Recorded data
--------------------------------------------------

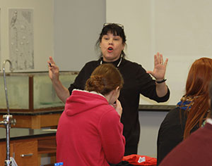 TOP PHOTO: Dr. Rosa Guedes, assistant professor of biology/ecology, speaks with students from Coffee High School.
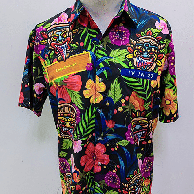 Eversole Run’s client was looking for something its 100-plus employees could wear that would make them stand out. The result was a full dye sublimated camp shirt personalized with the name of each employee. Aligning the nametag portion in the correct position on the garment and making sure each unique name fit perfectly inside the “tag” was a challenge. Getting the colors to print clearly and vibrant with no mistakes also required intricate design processes and thorough proofing before shipment.
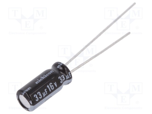 Конденсатор: электролитический; THT; 33мкФ; 16ВDC; Ø5x11мм; ±20% |
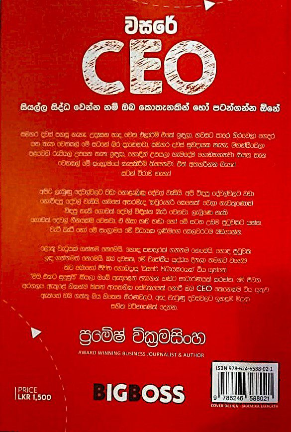 ලොකු වැටුපක් ගන්නම් කෙමෙයි හොඳ තනතුරක් ගන්නම නෙමෙයි. හොඳ පුටුවක ඉඳ ගන්නවත් නෙමෙයි. ඔබ දවසක, මේ වෘත්තීය යුද්ධය දිනලා තමන්ට වගේම නව බොහෝ ජීවිත ගොඩදාපු ‘වසරේ විධායකයෙක් විය යුත්තේ මම ඒකට සුදුසුයි කියලා ඔබේ ඇතුළෙන් ඇහෙන හඩට සාධාරණයක් කරන්න. මේ රිවන අරගලය ඇතුළේ නිකන්ම නිකන් ආයතනික සේවකයෙක් නොවී ඔබ CEO කෙනෙක්ම විය යුතුව ඇත්තේ ඔබ ගත්තු බය හිතෙන තීරණ වලට ඇද වැටුණු දවස් වලට ඉහළම සිදුක සහිත වටිනාකමක් දෙන්න.
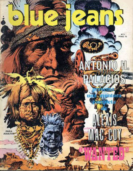 Revista de historietas grapada de 74 páginas interiores en blanco y negro y en color más cubiertas dedicada casi en su totalidad a la traducción de obras francesas e italianas, pero también publicó historietas argentinas y, en menor medida, de autores españoles, como Palacios, Enric Sió, José Ortiz, Brocal Remohí, Alfonso Font, Martín Saurí, etc. Serie de 28 volúmenes de los cuales los primeros 16 llevaban el título de Blue Jeans y a partir del 17 y hasta el final se denominó Super Blue Jeans pasando a ser encuadernada en rústica y de mayor tamaño.
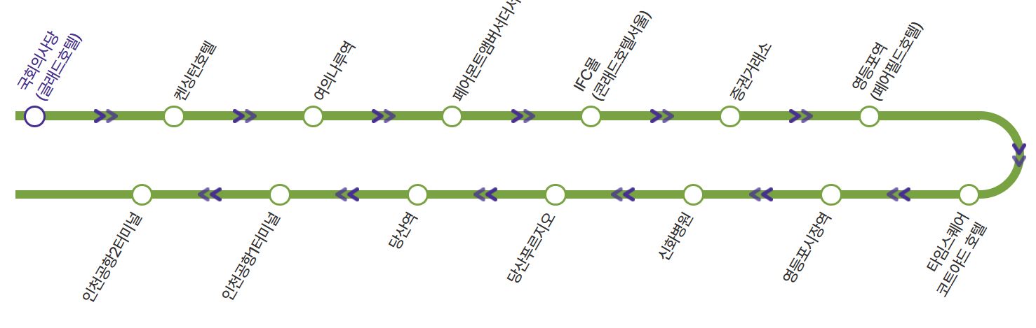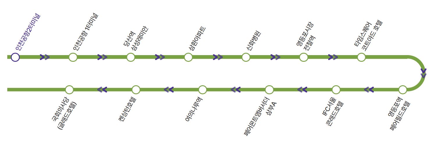 인천공항-당산역(삼성래미안)-삼환아파트-신화병원-영등포시장 전철역-타임스퀘어(코트야드호텔)-영등포역(페어필드호텔)-IFC서울(콘래드호텔)-페어몬트앰버서더(삼부아파트)-여의나루역-켄싱턴호텔-국회의사당(글래드호텔)
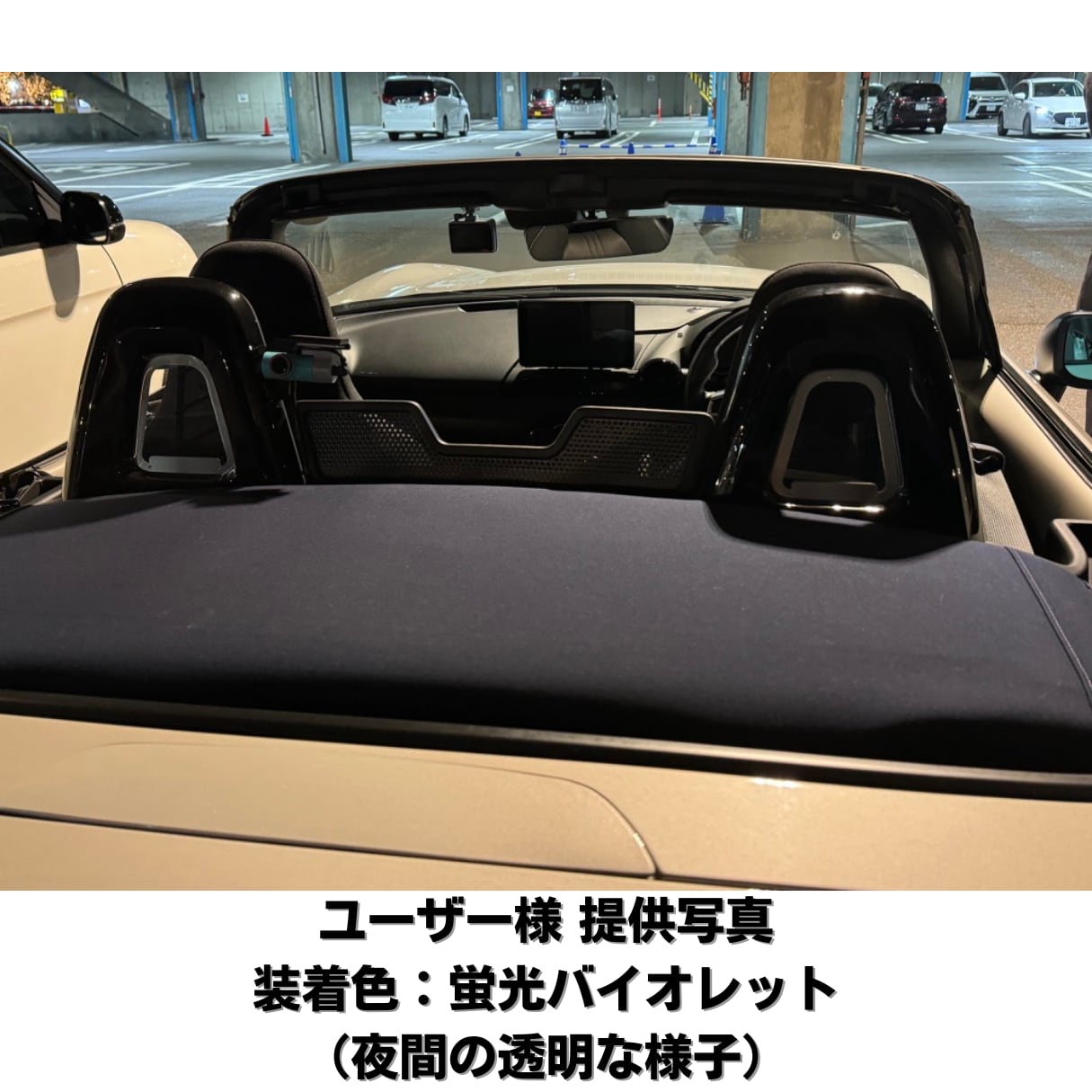蛍光バイオレットは紫外線(日光、ブラックライトが当たると発色し、夜間や室内では透明です。

--------------------------------------------------

▶ [What the exercise asks] Repeat only the lines from the line with "Revista de historietas" to the end of the entries, including both the first and the last line, and drop every picture.

▶ [Solved exercise]
 Revista de historietas grapada de 74 páginas interiores en blanco y negro y en color más cubiertas dedicada casi en su totalidad a la traducción de obras francesas e italianas, pero también publicó historietas argentinas y, en menor medida, de autores españoles, como Palacios, Enric Sió, José Ortiz, Brocal Remohí, Alfonso Font, Martín Saurí, etc. Serie de 28 volúmenes de los cuales los primeros 16 llevaban el título de Blue Jeans y a partir del 17 y hasta el final se denominó Super Blue Jeans pasando a ser encuadernada en rústica y de mayor tamaño.
 인천공항-당산역(삼성래미안)-삼환아파트-신화병원-영등포시장 전철역-타임스퀘어(코트야드호텔)-영등포역(페어필드호텔)-IFC서울(콘래드호텔)-페어몬트앰버서더(삼부아파트)-여의나루역-켄싱턴호텔-국회의사당(글래드호텔)
蛍光バイオレットは紫外線(日光、ブラックライトが当たると発色し、夜間や室内では透明です。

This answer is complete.